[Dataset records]
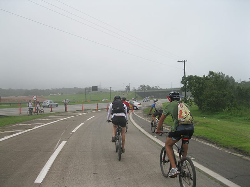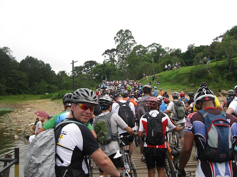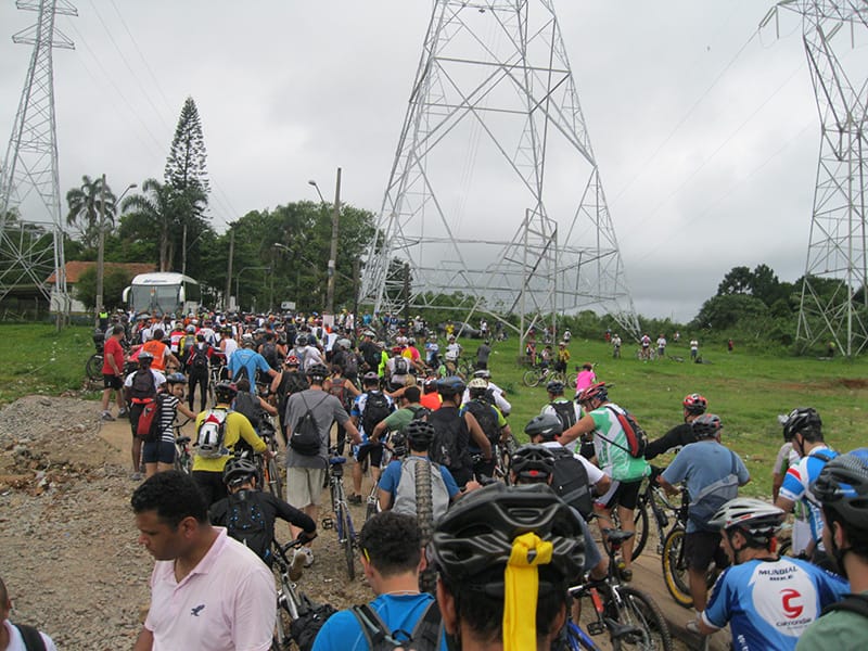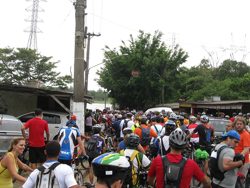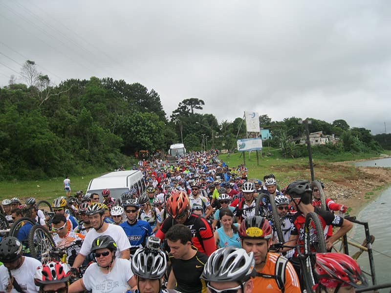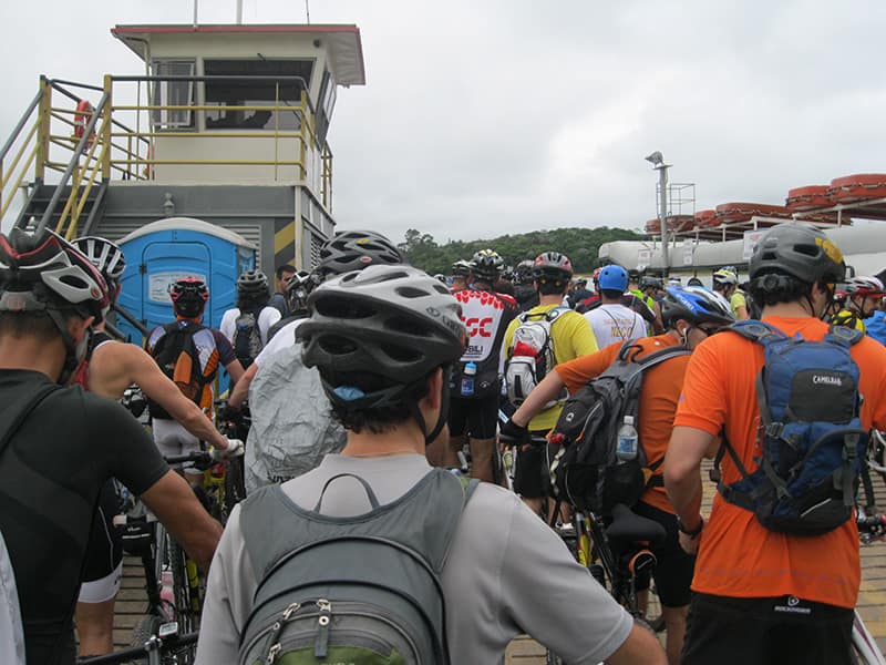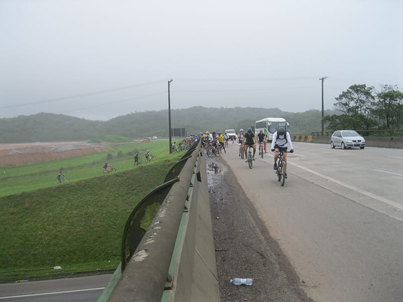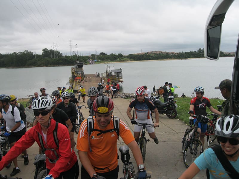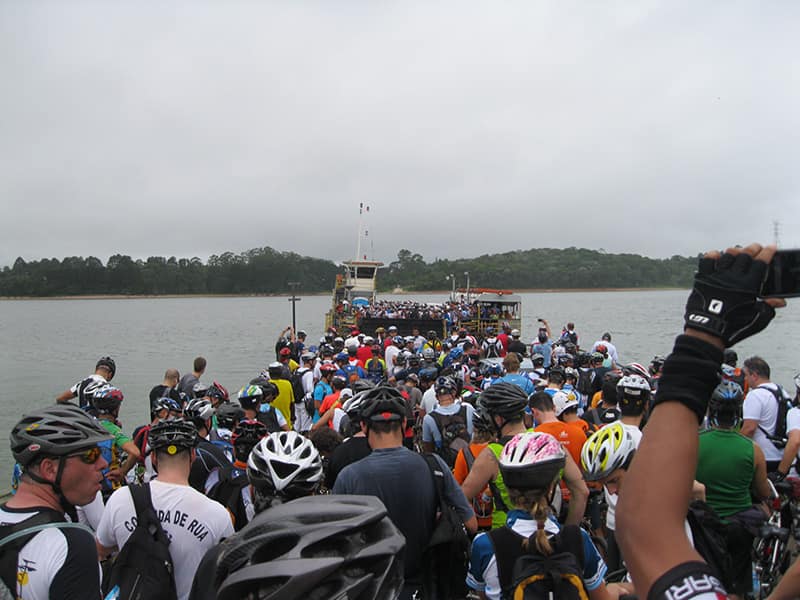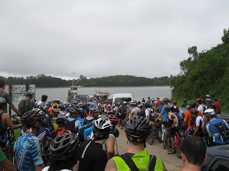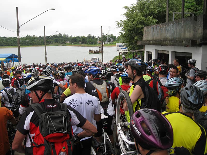 Acordei as 5:30 e estava abafado as seis tive a impressão que ia ter sol pela manhã, no fim além do sol não aparecer na serra só pegamos chuva até chegar em Cubatão. Nos encontramos na ciclovia as 7:00 vimos uma boa movimentação de ciclistas, mas nada parecido com o volume próximo a balsa do Bororê, eram centenas de bikes aguardando a travessia de balsa. Esse momento foi muito desorganizado além de não haver ninguém do Ciclo BR ou ao menos uma indicação de como seria feito o acesso, era cada um por si, resultado perdemos duas horas só para conseguir atravessar. Depois na segunda balsa perdemos mais meia hora. Essa parte do trajeto era sinalizada de forma bem precária e vi bastante gente indecisa em qual rumo tomar, como uma parte do grupo já havia feito as outras edições não tivemos problema mas deve ter alguém perdido lá pela ilha! Quando chegamos próximos a entrada do parque chovia bastante, tivemos que parar para identificação e nessa parte o pessoal do Ciclo BR verificava quem estava cadastrado ou não. Por incrível que pareça eles seguravam quem tinha o número do cadastro online e pedia para passar quem ainda não havia feito o cadastro. Ficamos mais 45 minutos nesse entrave mesmo sabendo o número da inscrição!
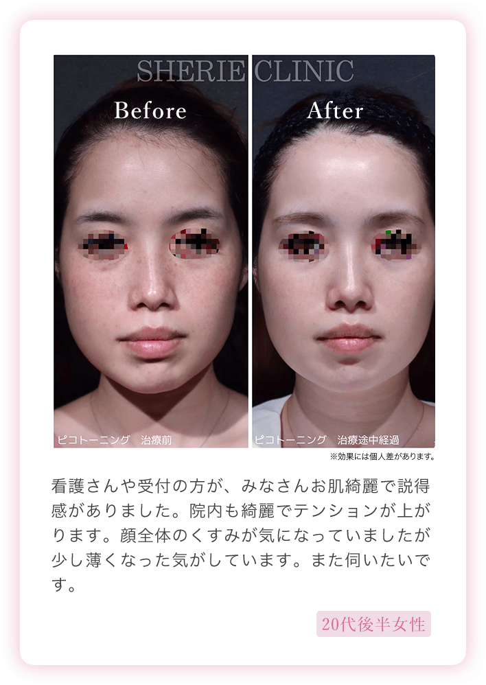 当院では、1回の施術で行うレーザーの照射数が通常の2〜3倍に設定されています。これにより、短期間で効果を実感しやすくなっています。
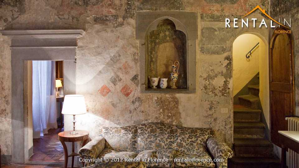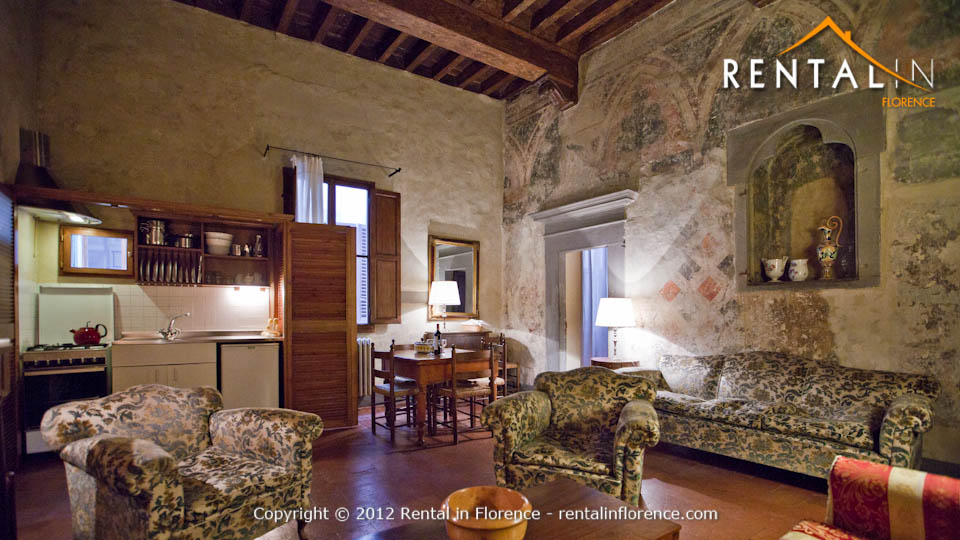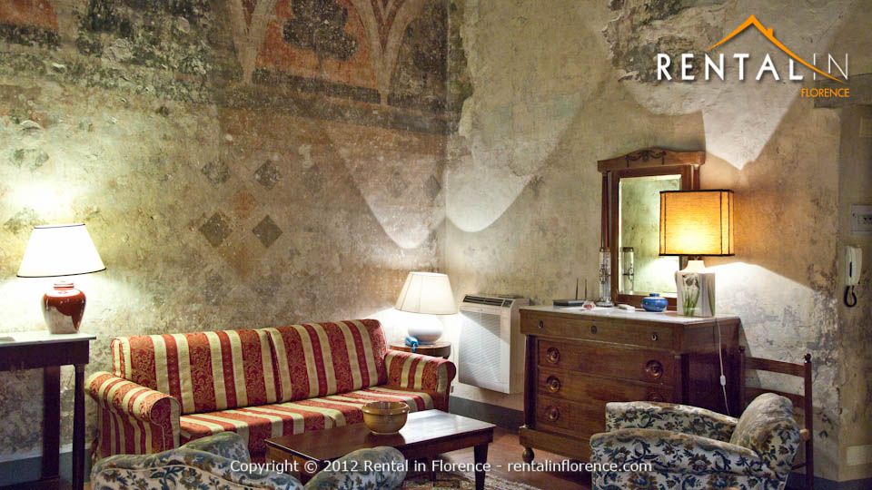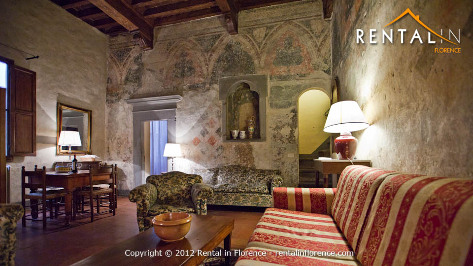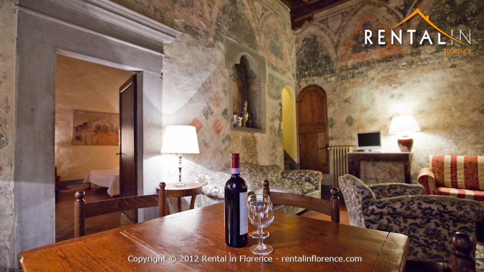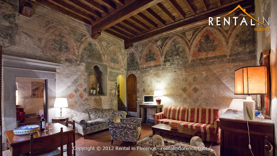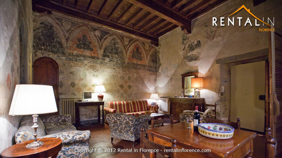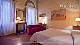 Splendide appartement de style médiéval, situé au premier étage d'un immeuble de l’An 1300 sans ascenseur. Au rez-de-chaussée on trouve un très beau salon avec des murs peints avec fresques, divan lit matrimoniale, tv flat, angle cuisine, une grande chambre matrimoniale et salle de bain avec baignoire. Au niveau supérieur on accède à une chambre avec des lits séparés et salle de bain avec douche. Équipé de tous conforts : Air conditionné, chauffage autonome, Wifi gratuit, téléphone, cuisine complète de vaisselles, four, réfrigérateur, cafetière italienne, théière, grille-pain, équipement pour le nettoyage de la maison, machine à laver, étendoir, fer et table à repasser. Mobilier d'antiquité d'excellente qualité, tapisseries et peintures à fresques complètent ce très élégant appartement, Unique parmi nos propositions.
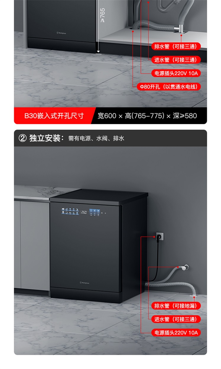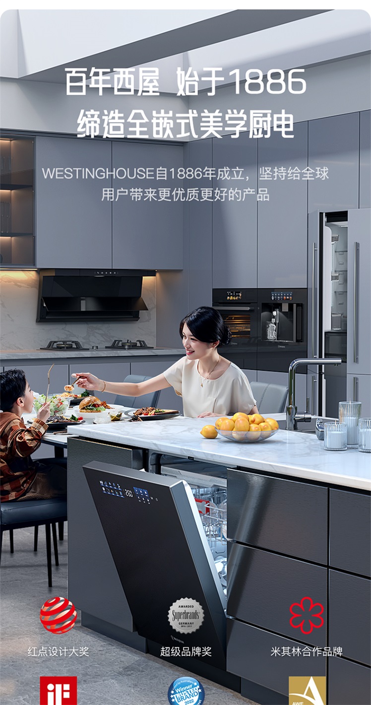 西屋Westinghouse嵌入式洗碗机 普区包邮 独嵌两用1级水效节能环保 10+6PRO洗涤模式 WQP18-B30包安装
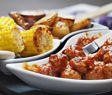 Baconlindade salsicciaspett med ljummen lök- och tomatsalsa

* Your instructions
The range runs from the line containing "当院では、1回の施術で行うレ" through the end of the entries; print those lines exactly and leave the pictures out.

* Exercise output
 当院では、1回の施術で行うレーザーの照射数が通常の2〜3倍に設定されています。これにより、短期間で効果を実感しやすくなっています。
 Splendide appartement de style médiéval, situé au premier étage d'un immeuble de l’An 1300 sans ascenseur. Au rez-de-chaussée on trouve un très beau salon avec des murs peints avec fresques, divan lit matrimoniale, tv flat, angle cuisine, une grande chambre matrimoniale et salle de bain avec baignoire. Au niveau supérieur on accède à une chambre avec des lits séparés et salle de bain avec douche. Équipé de tous conforts : Air conditionné, chauffage autonome, Wifi gratuit, téléphone, cuisine complète de vaisselles, four, réfrigérateur, cafetière italienne, théière, grille-pain, équipement pour le nettoyage de la maison, machine à laver, étendoir, fer et table à repasser. Mobilier d'antiquité d'excellente qualité, tapisseries et peintures à fresques complètent ce très élégant appartement, Unique parmi nos propositions.
 西屋Westinghouse嵌入式洗碗机 普区包邮 独嵌两用1级水效节能环保 10+6PRO洗涤模式 WQP18-B30包安装
 Baconlindade salsicciaspett med ljummen lök- och tomatsalsa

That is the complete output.